- [INFORMATION SHOWN]
▬▬▬▬▬▬

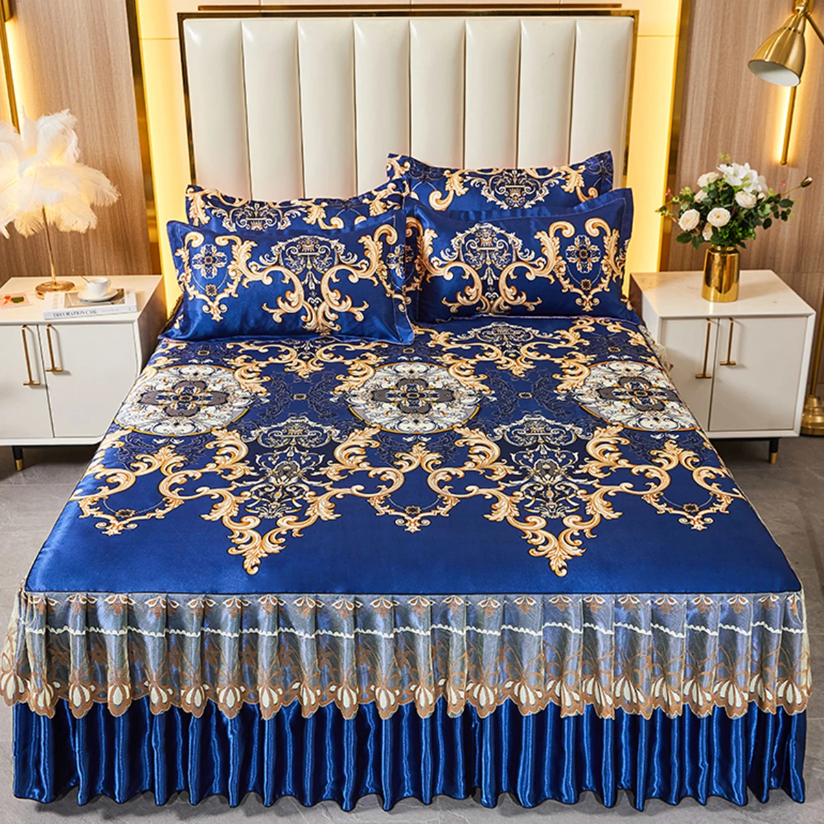 3 Pieces Blue Mattress Pad Sheet Set Paisley Blue Rufled Quilted FittedMattress Protector Include Bed Skirt with 2 Pillowcases
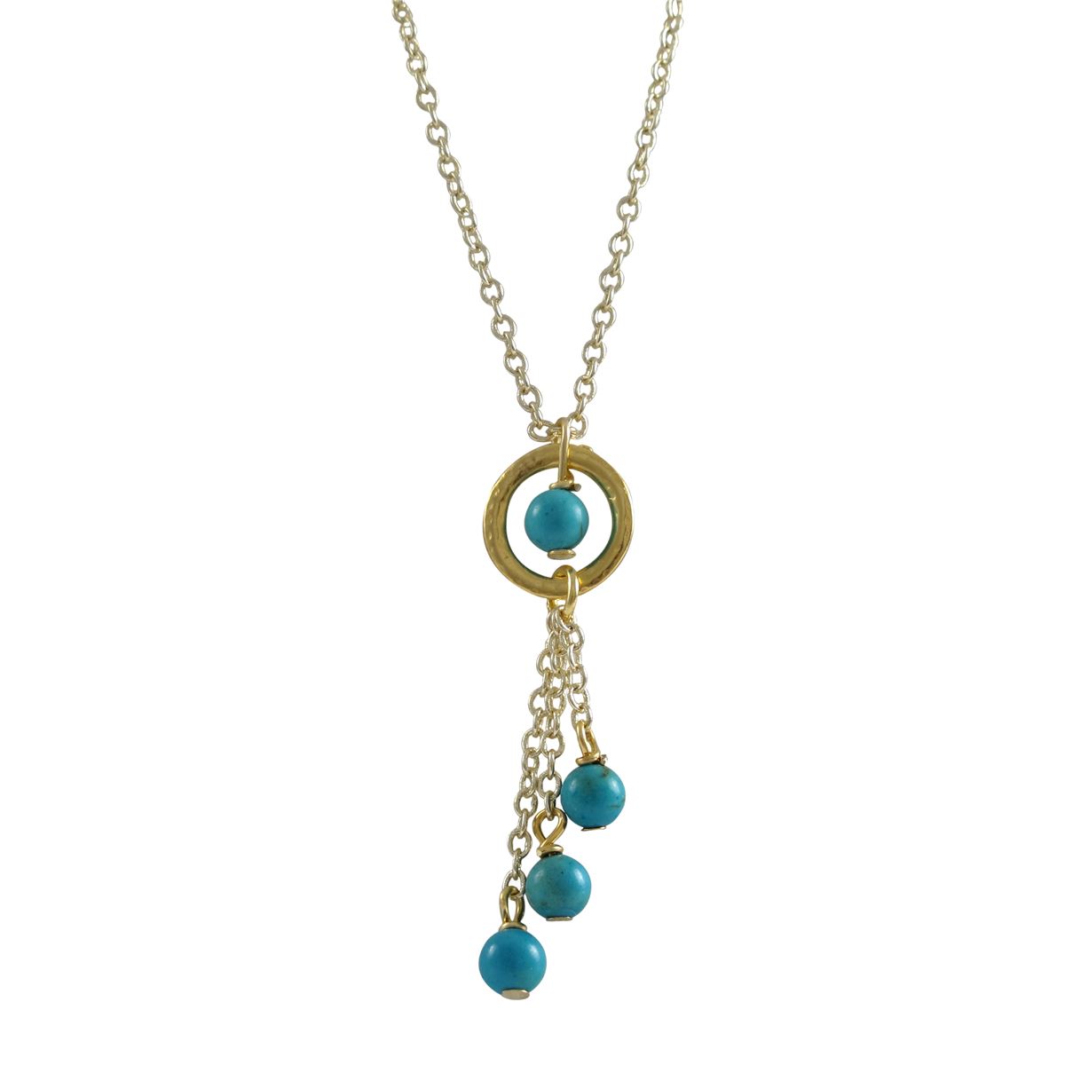 Turquoise 4Mm Balls And Turquoise 4Mm Ball In Ring, Lariat Style Necklace, Gold Plated Brass Chain,
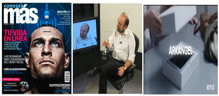 Latin America magazine promoting the Brain net with the slogan “your life online” “all you can know, see and listen without using cables” (left); Miguel Nicolelis, Brazilian scientist, subliminally promotes the Brain net in Wikipedia (center); the promotion of Black Mirror “the Brain net will be your arkangel guardian” (right).

▬▬▬▬▬▬

Write out again, word for word, only the lines from the one with "Turquoise 4Mm Balls" through the last line of the material, and omit each picture.

- [REPLY TO THE EXERCISE]
 Turquoise 4Mm Balls And Turquoise 4Mm Ball In Ring, Lariat Style Necklace, Gold Plated Brass Chain,
 Latin America magazine promoting the Brain net with the slogan “your life online” “all you can know, see and listen without using cables” (left); Miguel Nicolelis, Brazilian scientist, subliminally promotes the Brain net in Wikipedia (center); the promotion of Black Mirror “the Brain net will be your arkangel guardian” (right).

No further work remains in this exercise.